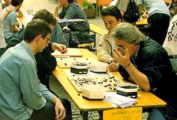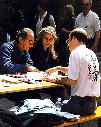 | Mr. Oka, the president of the Italian Go Federation (who was featured in the July issue of Monthly Go World), and the members of the federation were kept busy from morning to dusk dealing with all the visitors. They were all wearing the federation uniform of a polo shirt (printed on the back with calligraphy by Takemiya for "cosmos"!); they were sweating from the heat -- the temperature rose above 30 degrees -- but they dutifully kept at their task all day long. Some of the Japanese tourists who visit Milan throughout the year joined in and played games. In fact, some of them stayed with us all day playing. That reminds me, Japanese don't even make the top ten among tourists visiting Italy as a whole -- Germans are number one -- but Milan is special. Here Japanese tourists, who come for the shopping, are number one by a long way. It's hard to believe there's an economic slump in Japan when you see the number of Japanese thronging the high-class shopping areas. For someone like me, for whom shopping is a source of stress, it's a mystery. Let's be honest and confess. The reason why I feel so much stress is that I can't find sizes that fit me. It's not that the clothing is too big or too small -- rather, it doesn't fit my physique. My pure Japanese physique is just too different from the Italian model. After some mortifying failures in shopping expeditions, I started to hate shopping. If you go to the really expensive boutiques, however, they apparently have clothes tailored to the Japanese physique, but you have to be able to afford them. That's how I got so interested in collecting go T-shirts. |
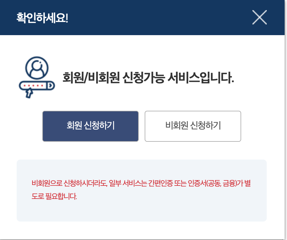 비회원으로 신청하기를 누르더라도 일부 서비스는 간편인증 / 인증서(공동,금융)가 별도로 필요합니다.
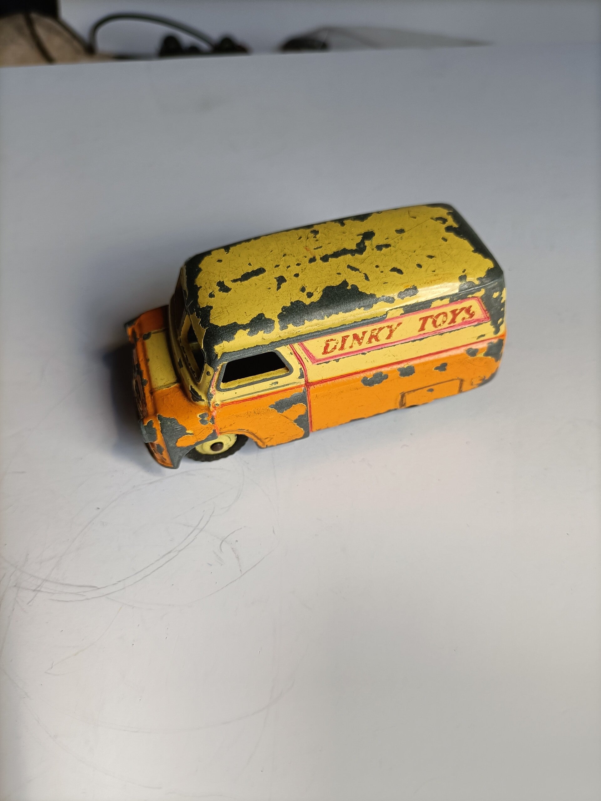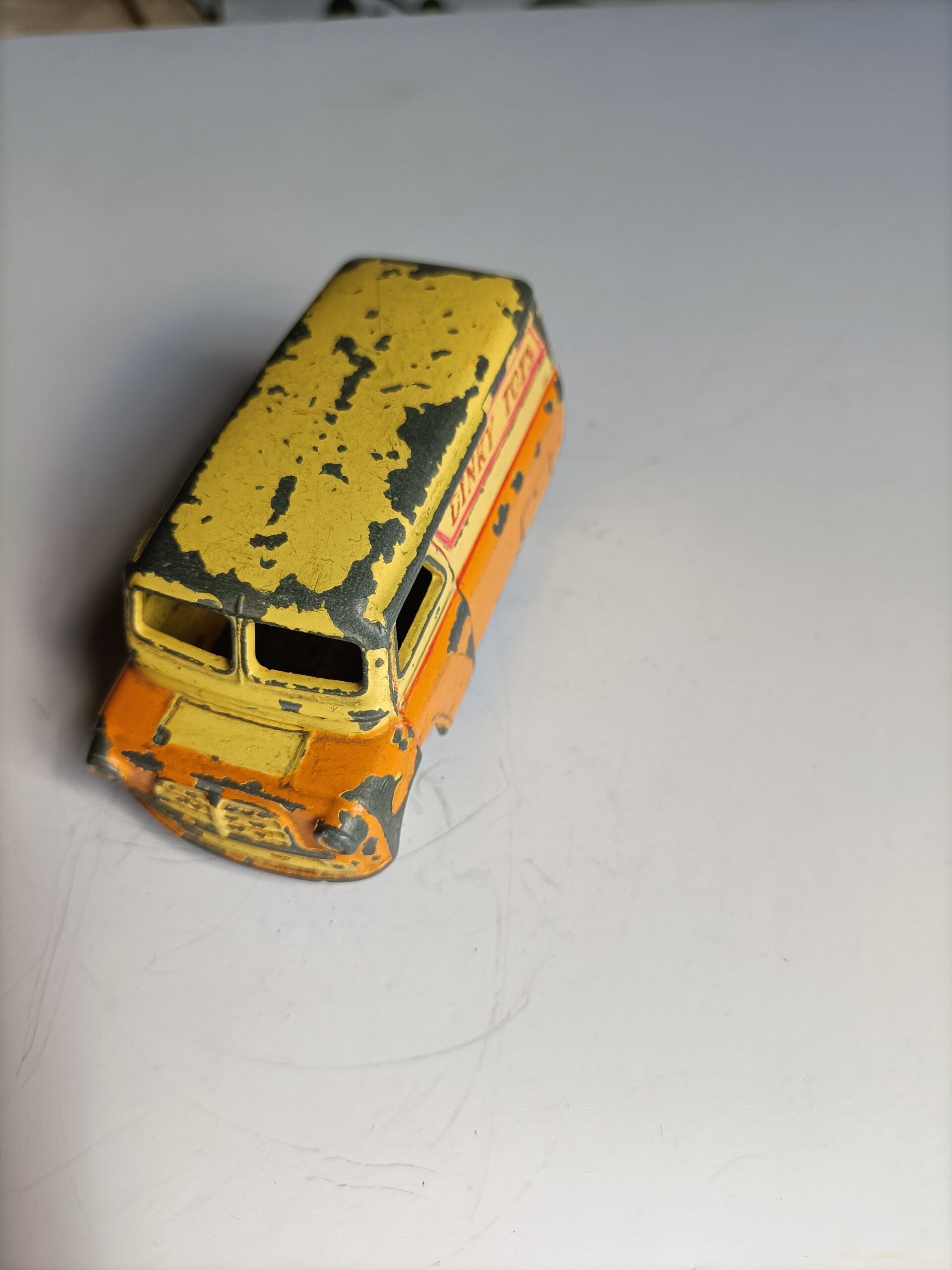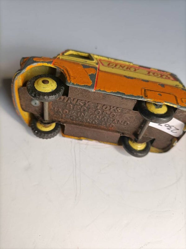 Dinky Toys Bedford bus, geel en Oranje met Dinky Toys reclame erop
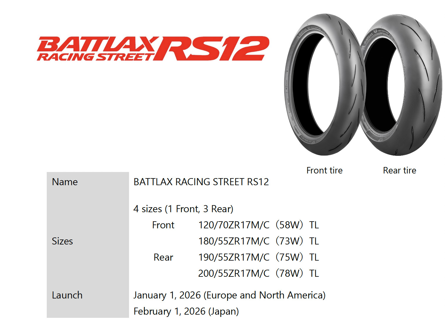 NASHVILLE, Tenn. — Bridgestone Corporation (Bridgestone) today announced that it will launch the premium sports motorcycle tire BATTLAX RACING STREET RS12 in January 2026 for North American markets. Under the concept of ‘From Circuit to Street,’ by incorporating race tire technology, BATTLAX RACING STREET RS12 delivers the highest level of dry grip performance in the road-legal tire lineup of BATTLAX.
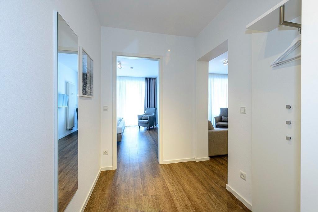 Das geschmackvoll eingerichtete Nichtraucher-Apartment verfügt über kostenfreies WLAN. Der Wohnbereich mit Schlafcouch, bietet eine voll ausgestattete offene Küchenzeile mit Geschirrspüler, Gefrierfach, Kaffeemaschine, Toaster, Wasserkocher und Mikrowelle mit Backfunktion sowie einen großen Flatscreen-TV und ein Radio. Das Apartment verfügt über einen Esstisch für 5 Personen und einen behaglichen Sitzbereich. Zwei separate Schlafzimmer stehen euch zur Verfügung. Eines davon verfügt über ein Doppelbett und einen eigenen Flatscreen-TV, ein weiteres Alkoven- Schlafzimmer über zwei Einzelbetten. Ein Kinderbett kann gegen Entgelt aufgestellt werden.
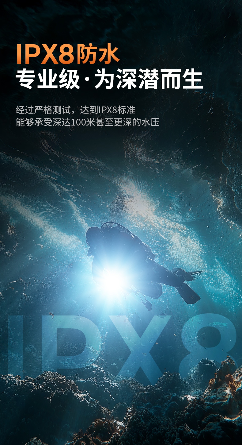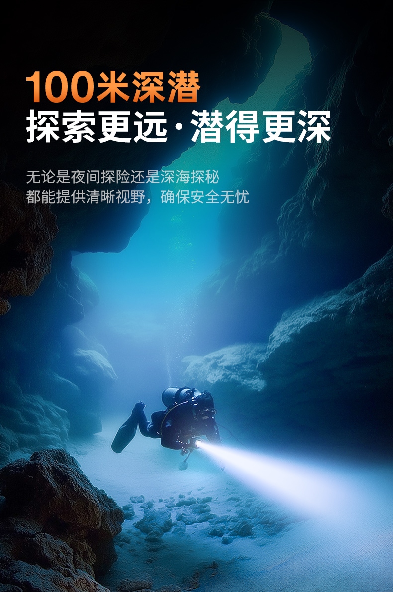 1、专业级防水设计:经过严格测试,达到IP68标准,能够承受深达100米甚至更深的水压,是深海探索的理想选择。 2、坚固耐用材料:外壳使用航空级铝合金制造,具备出色的抗冲击和耐腐蚀性能,适合各种恶劣环境下的使用。
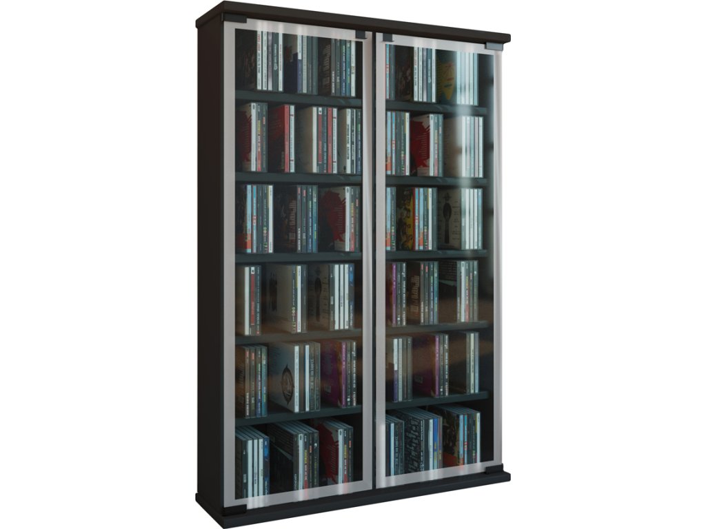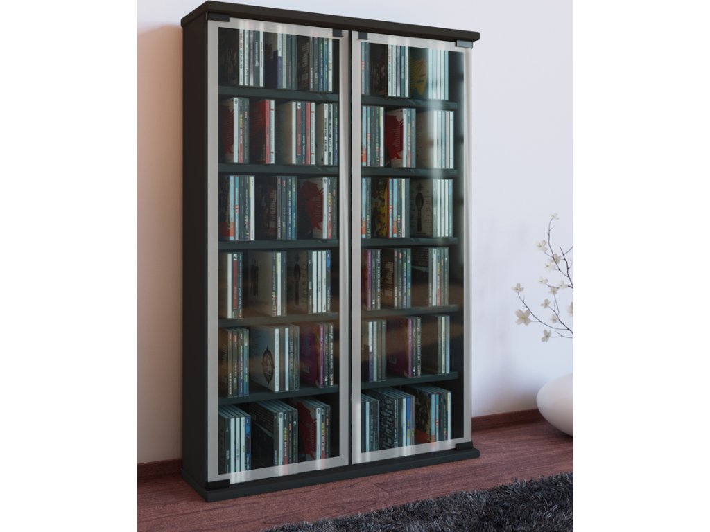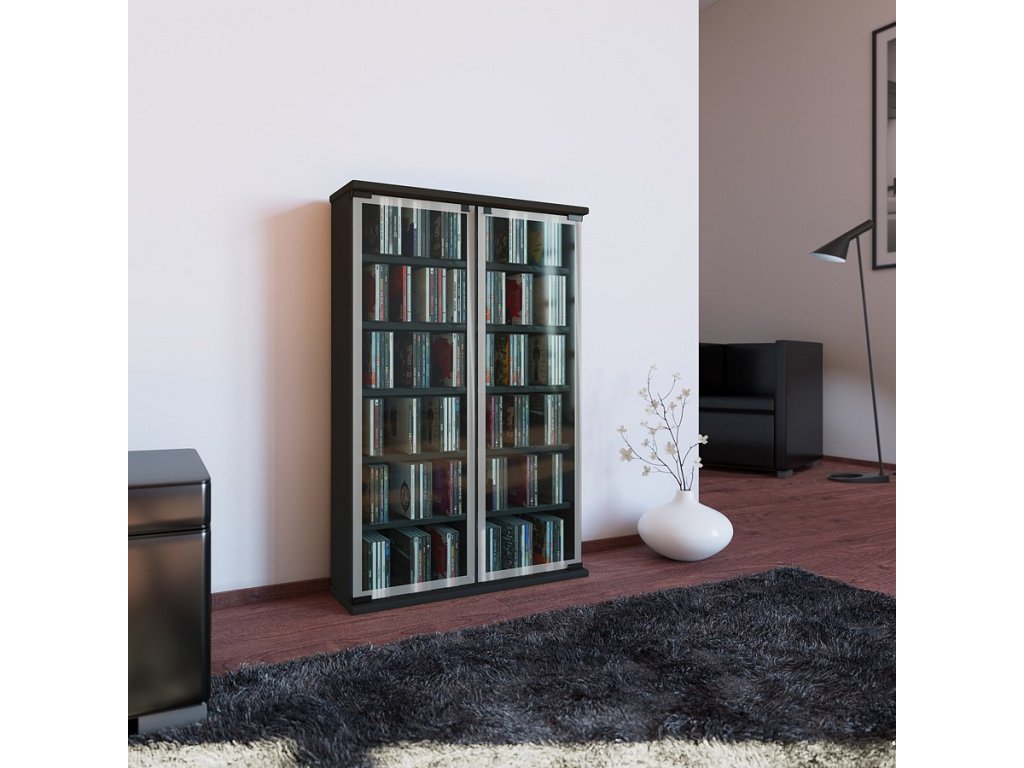 Praktická skříňka Galerie pro odkládání CD, DVD nebo VHS opatřená dvěmi skleněnými dvířky z bezpečnostního skla s okrasným matným okrajem.

_Exercise instructions:_
Repeat the lines above, starting at the first and stopping after the line that holds "Dinky Toys Bedford", with the pictures left out.

_Output of the exercise:_
 | Mr. Oka, the president of the Italian Go Federation (who was featured in the July issue of Monthly Go World), and the members of the federation were kept busy from morning to dusk dealing with all the visitors. They were all wearing the federation uniform of a polo shirt (printed on the back with calligraphy by Takemiya for "cosmos"!); they were sweating from the heat -- the temperature rose above 30 degrees -- but they dutifully kept at their task all day long. Some of the Japanese tourists who visit Milan throughout the year joined in and played games. In fact, some of them stayed with us all day playing. That reminds me, Japanese don't even make the top ten among tourists visiting Italy as a whole -- Germans are number one -- but Milan is special. Here Japanese tourists, who come for the shopping, are number one by a long way. It's hard to believe there's an economic slump in Japan when you see the number of Japanese thronging the high-class shopping areas. For someone like me, for whom shopping is a source of stress, it's a mystery. Let's be honest and confess. The reason why I feel so much stress is that I can't find sizes that fit me. It's not that the clothing is too big or too small -- rather, it doesn't fit my physique. My pure Japanese physique is just too different from the Italian model. After some mortifying failures in shopping expeditions, I started to hate shopping. If you go to the really expensive boutiques, however, they apparently have clothes tailored to the Japanese physique, but you have to be able to afford them. That's how I got so interested in collecting go T-shirts. |
 비회원으로 신청하기를 누르더라도 일부 서비스는 간편인증 / 인증서(공동,금융)가 별도로 필요합니다.
 Dinky Toys Bedford bus, geel en Oranje met Dinky Toys reclame erop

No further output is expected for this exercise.